• [Work request]:
Produce a verbatim transcription of the entries, with all pictures omitted.

• [Records shown]:
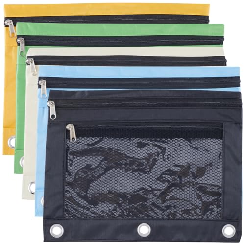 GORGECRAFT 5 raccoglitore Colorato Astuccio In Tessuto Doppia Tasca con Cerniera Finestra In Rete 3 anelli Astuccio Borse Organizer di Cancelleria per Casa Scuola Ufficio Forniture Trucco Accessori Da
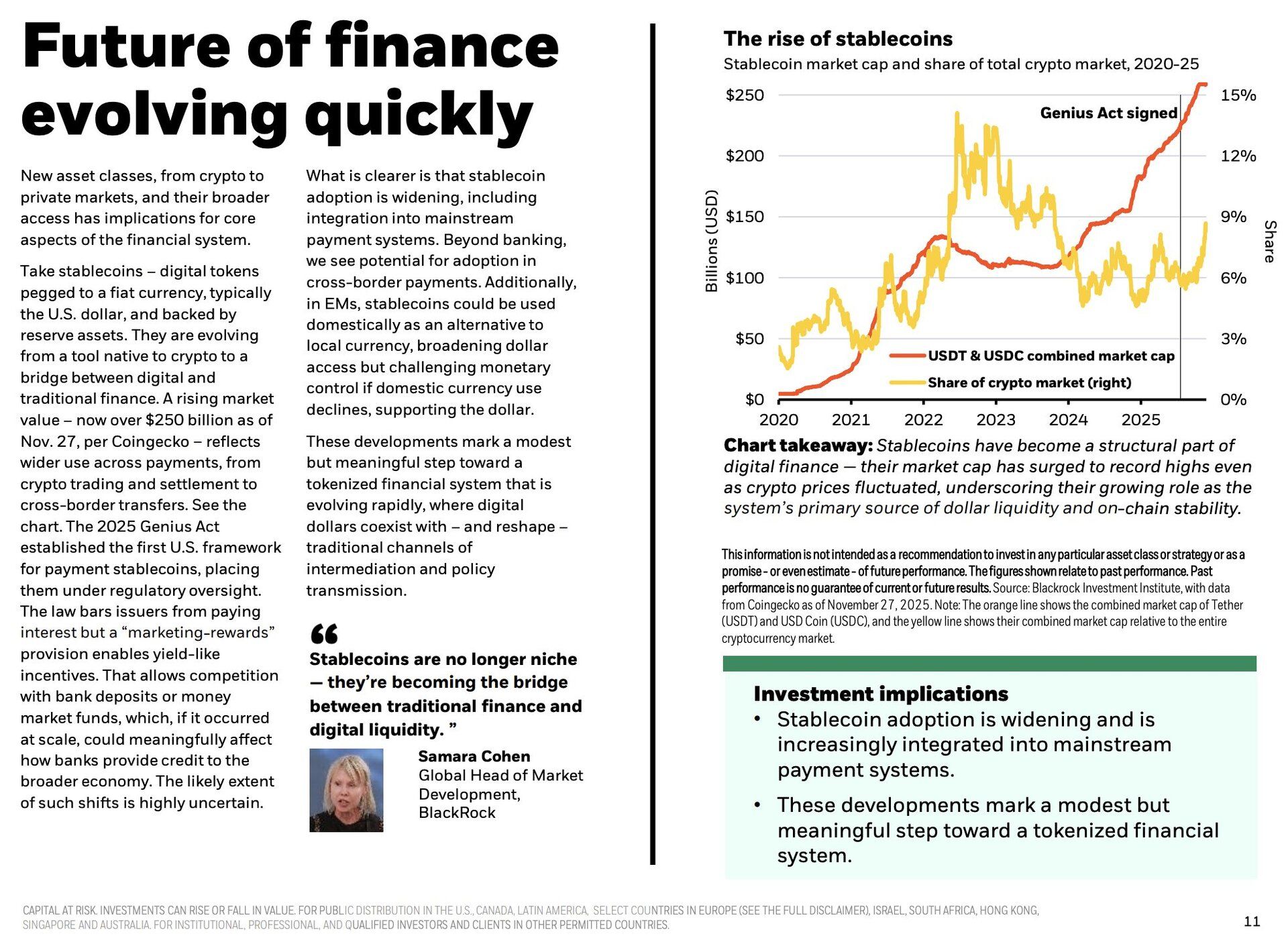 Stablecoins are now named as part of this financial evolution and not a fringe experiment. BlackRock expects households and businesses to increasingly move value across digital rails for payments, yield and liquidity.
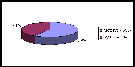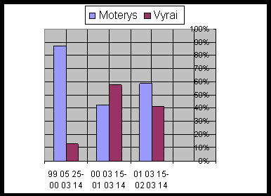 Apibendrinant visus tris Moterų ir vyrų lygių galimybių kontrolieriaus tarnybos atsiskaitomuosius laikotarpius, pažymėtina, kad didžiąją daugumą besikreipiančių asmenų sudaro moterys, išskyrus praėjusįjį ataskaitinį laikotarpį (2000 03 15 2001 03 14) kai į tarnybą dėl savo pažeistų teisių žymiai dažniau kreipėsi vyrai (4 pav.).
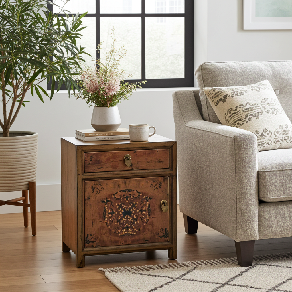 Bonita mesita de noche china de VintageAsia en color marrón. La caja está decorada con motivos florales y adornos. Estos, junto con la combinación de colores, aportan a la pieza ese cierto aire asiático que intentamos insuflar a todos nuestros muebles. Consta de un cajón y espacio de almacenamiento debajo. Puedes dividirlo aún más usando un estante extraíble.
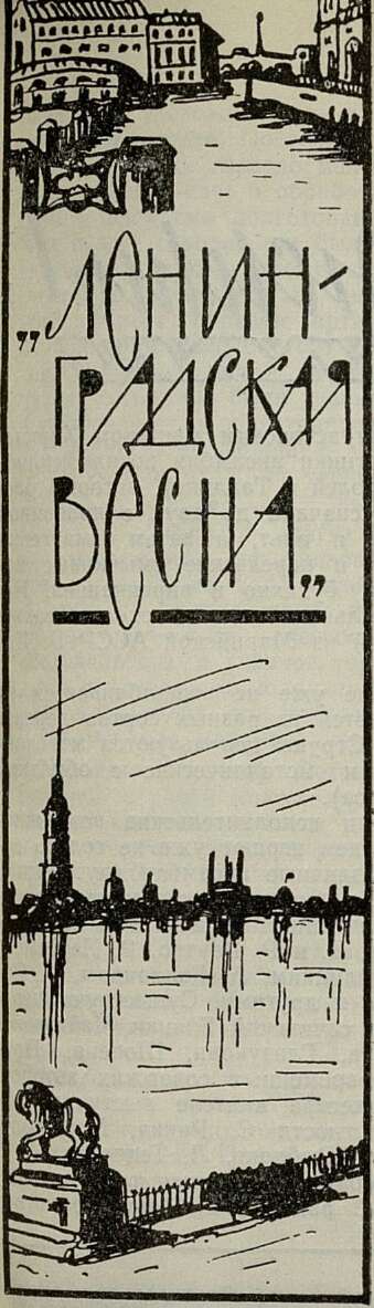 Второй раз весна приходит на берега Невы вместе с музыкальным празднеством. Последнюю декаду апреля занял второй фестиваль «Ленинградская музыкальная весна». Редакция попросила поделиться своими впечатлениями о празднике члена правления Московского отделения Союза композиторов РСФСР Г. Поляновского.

• [Result of the task]:
 GORGECRAFT 5 raccoglitore Colorato Astuccio In Tessuto Doppia Tasca con Cerniera Finestra In Rete 3 anelli Astuccio Borse Organizer di Cancelleria per Casa Scuola Ufficio Forniture Trucco Accessori Da
 Stablecoins are now named as part of this financial evolution and not a fringe experiment. BlackRock expects households and businesses to increasingly move value across digital rails for payments, yield and liquidity.
 Apibendrinant visus tris Moterų ir vyrų lygių galimybių kontrolieriaus tarnybos atsiskaitomuosius laikotarpius, pažymėtina, kad didžiąją daugumą besikreipiančių asmenų sudaro moterys, išskyrus praėjusįjį ataskaitinį laikotarpį (2000 03 15 2001 03 14) kai į tarnybą dėl savo pažeistų teisių žymiai dažniau kreipėsi vyrai (4 pav.).
 Bonita mesita de noche china de VintageAsia en color marrón. La caja está decorada con motivos florales y adornos. Estos, junto con la combinación de colores, aportan a la pieza ese cierto aire asiático que intentamos insuflar a todos nuestros muebles. Consta de un cajón y espacio de almacenamiento debajo. Puedes dividirlo aún más usando un estante extraíble.
 Второй раз весна приходит на берега Невы вместе с музыкальным празднеством. Последнюю декаду апреля занял второй фестиваль «Ленинградская музыкальная весна». Редакция попросила поделиться своими впечатлениями о празднике члена правления Московского отделения Союза композиторов РСФСР Г. Поляновского.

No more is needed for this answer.